[STORED DATA Boundary: Start]

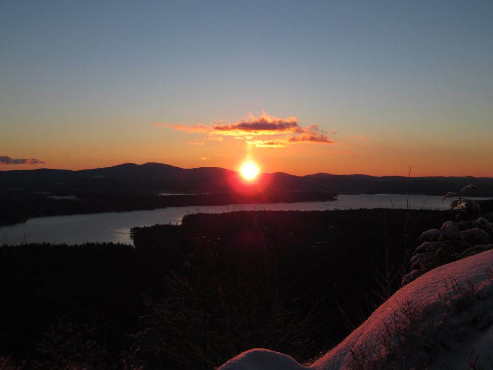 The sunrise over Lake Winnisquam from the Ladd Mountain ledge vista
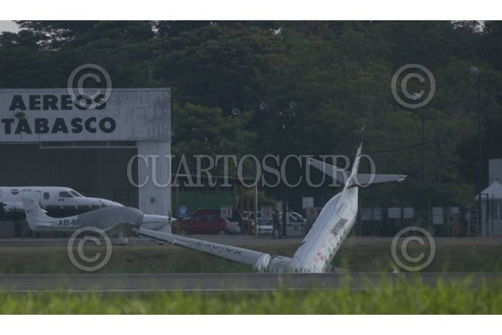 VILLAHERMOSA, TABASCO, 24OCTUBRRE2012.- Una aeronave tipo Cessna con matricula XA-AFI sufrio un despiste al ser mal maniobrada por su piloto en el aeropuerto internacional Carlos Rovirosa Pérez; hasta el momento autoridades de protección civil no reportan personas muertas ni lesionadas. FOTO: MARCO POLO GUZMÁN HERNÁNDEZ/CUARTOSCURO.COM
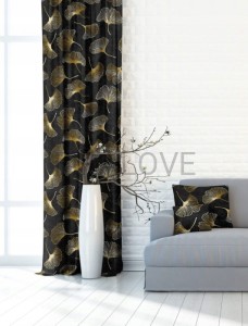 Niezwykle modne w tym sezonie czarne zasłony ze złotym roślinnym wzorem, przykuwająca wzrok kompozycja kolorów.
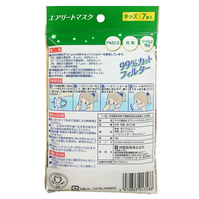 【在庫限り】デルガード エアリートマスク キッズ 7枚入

[STORED DATA Boundary: End]
[STORED DATA Boundary: Start]

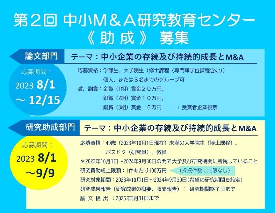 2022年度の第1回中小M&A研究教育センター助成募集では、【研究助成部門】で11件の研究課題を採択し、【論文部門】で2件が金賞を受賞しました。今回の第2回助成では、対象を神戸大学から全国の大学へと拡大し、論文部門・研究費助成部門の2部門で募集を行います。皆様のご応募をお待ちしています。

[STORED DATA Boundary: End]
[STORED DATA Boundary: Start]

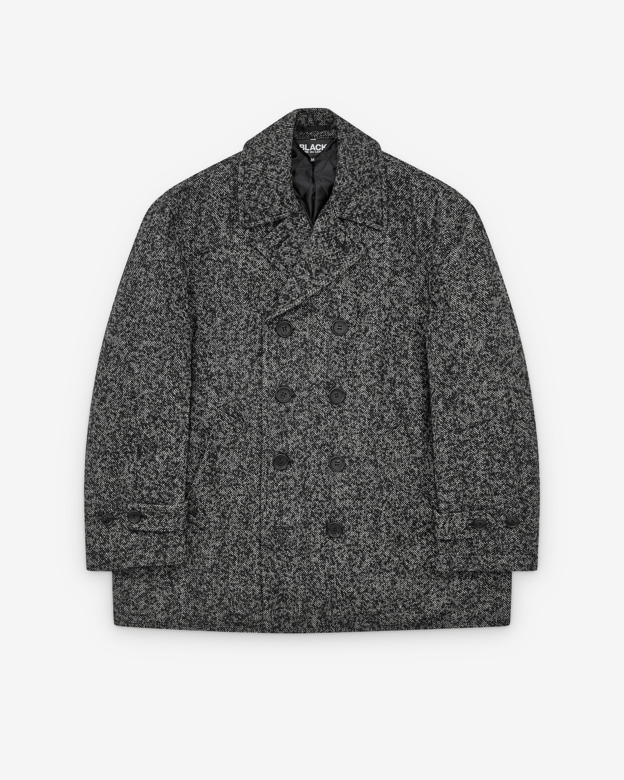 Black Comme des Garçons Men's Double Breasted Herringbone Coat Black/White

[STORED DATA Boundary: End]

▶ **HOW TO COMPLETE THIS TASK**:
Using the entries above, extract exactly the lines from the one that contains "Niezwykle modne w" through the one that contains "エアリートマスク キッズ 7枚入". Do not carry over any pictures.

▶ **EXERCISE RESULT**:
 Niezwykle modne w tym sezonie czarne zasłony ze złotym roślinnym wzorem, przykuwająca wzrok kompozycja kolorów.
 【在庫限り】デルガード エアリートマスク キッズ 7枚入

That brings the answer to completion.